Kirtsten Dunst in Marie Antoinette
Sophia Coppola’s Marie Antoinette is simply brilliant. Read on:
Marie Antoinette is a film that some people will enjoy and others will not. But virtually none of them will have any idea how to explain or qualify why. Part of this is due to its strange clash of classic and modern ideas; director Sofia Coppola transforms what would otherwise be described as a costume drama into a subtle dissertation on the vagaries of our too-much-too-soon culture. But at the same time, Coppola’s general approach to moviemaking seems to produce this kind of confusion, or maybe just the stimulating sense that things aren’t quite so easily categorized.
With Marie Antoinette, Coppola proves that she is still one of the most talented, adventurous and exciting filmmakers of the modern era.
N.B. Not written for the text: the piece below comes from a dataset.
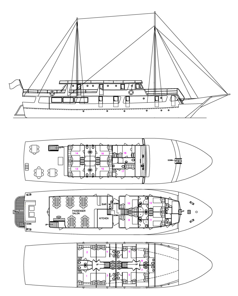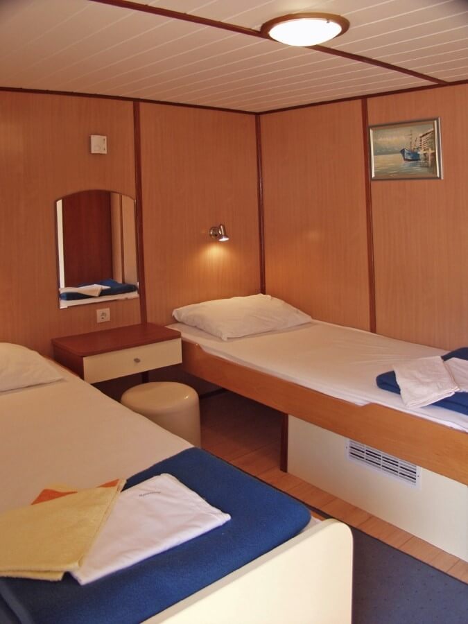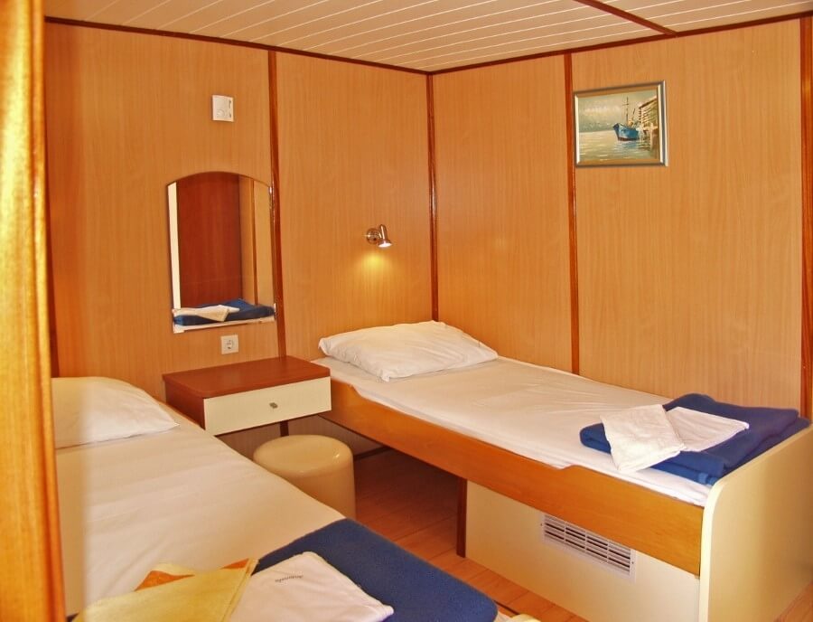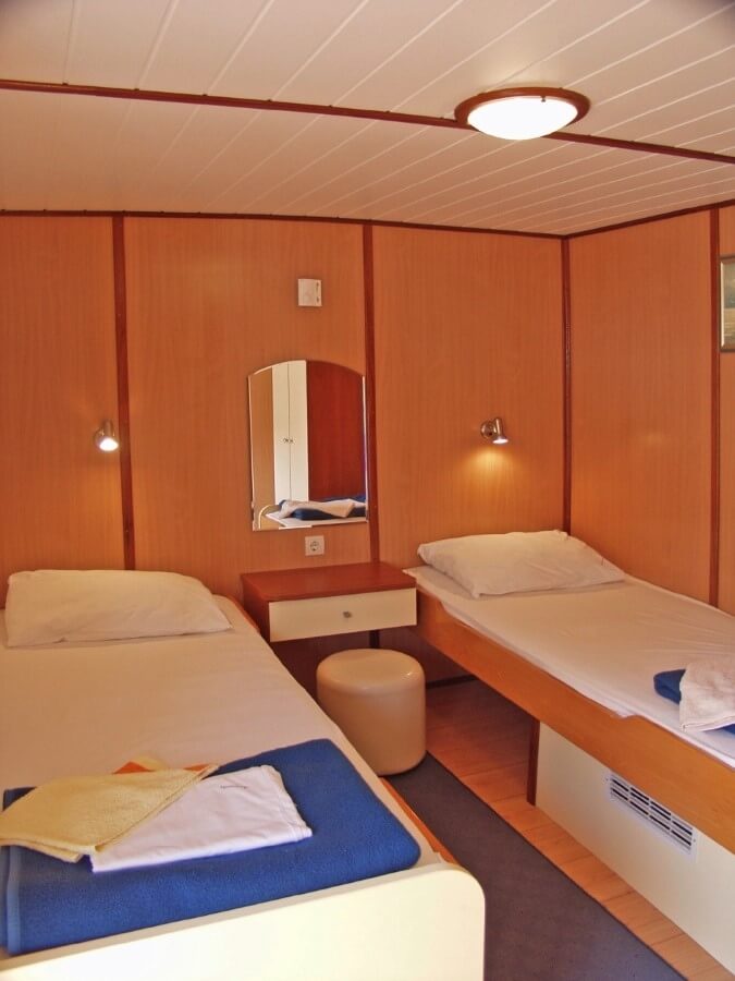 - Cabins: 18 cabins with twin or double beds + 1 single cabin for guide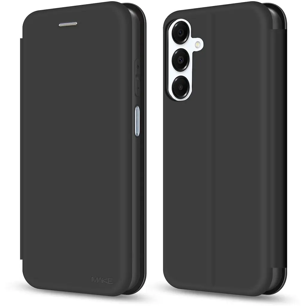 Захист 360 Чохол-книжка Make Flip Case виготовлений з високоякісних матеріалів: термопластичного поліуретану, полікарбонату, поліуретану та мікрофібри. Він чудово захищає ваш смартфон з усіх боків, зберігає пружність, не розтягується, і не рветься. Всередині книжечки вклеєний тонкий матовий кейс, який щільно облягає корпус. Мікрофібра всередині захищає смартфон від подряпин. Сама книжка приємно тримається в руці, повністю розгортається і не погіршує зручність користування. Flip Case прекрасно захищає від бруду і пилу і дуже легко миється. Жорсткий, але пружний, він також прекрасно амортизує удар при падінні. Магнітна Кришка Завдяки магнітному замку, кришка чохла завжди залишається закритою, коли ви не використовуєте смартфон, захищаючи екран. Водночас, вона легко відкривається - зручно і без жодних зусиль. Магнітна Кришка не створює негативного впливу на роботу екрану чи інших частин смартфону. ЗРУЧНА ПІДСТАВКА Flip Case одним легким рухом перетворюється на зручну підставку для вашого смартфона. Насолоджуйтесь переглядом ваших улюблених фільмів та відеороликів з комфортом будь-де. Протестовано в Україні Чимало смартфонів мають різні версії для ринків різних країн: їх розміри і форма можуть суттєво відрізнятись. Ми тестуємо кожну модель на сумісність саме на смартфонах, офіційно продаються в українських торгівельних мережах, тому впевнені у відповідності всіх розмірів і вирізів. Характеристики Назва: Flip Case Виробник: MakeFuture Сумісність: Samsung A16 Товщина: 3 мм Матеріал: Термопластичний поліуретан (TPU), полікарбонат, поліуретан, мікрофібра Колір: чорний

Like an exhilarating union between Terrence Malick and Baz Luhrmann, she combines the immediacy of contemporary cinema with the studied professionalism and patience of previous decades, creating a masterpiece that is both faithful to its time period and vividly rendered in dimensions that modern audiences will relate to.
Rather than examining the French queen’s life in a strictly historical context, Coppola looks at the trajectory of her experiences in much the same way she did Charlotte’s in Lost In Translation — namely, by exploring the motivations and emotional underpinnings that produce Marie Antoinette’s behavior. Kirsten Dunst (Elizabethtown) portrays her as exactly what she was — a young girl caught up in events she could no better understand than control or change — and gives the film a heroine whose problems feel identifiable. While so many period movies dryly chronicle the broad strokes of so-called “universal” issues, Dunst and Coppola’s collaboration blows the dust off of the entire “period piece” ethos, and turns the historical figure’s travails into something sharp and evocative.
For film fans, Kubrick’s Barry Lyndon and Luchino Visconti’s The Leopard will immediately come to mind as visual and overall aesthetic references, but the film shares much more in common with the works of the aforementioned Malick, whose most recent work The New World similarly purported to document a bygone era via atmosphere and emotion rather than historical accuracy. Marie Antoinette is an impressionist’s view of what life must have been like for the teen queen: conjuring the texture of her world and the minutiae of her absurdly regimented daily life, Coppola finds the human truth in Marie Antoinette’s boredom, her loneliness, and eventually, her decadent self-destruction.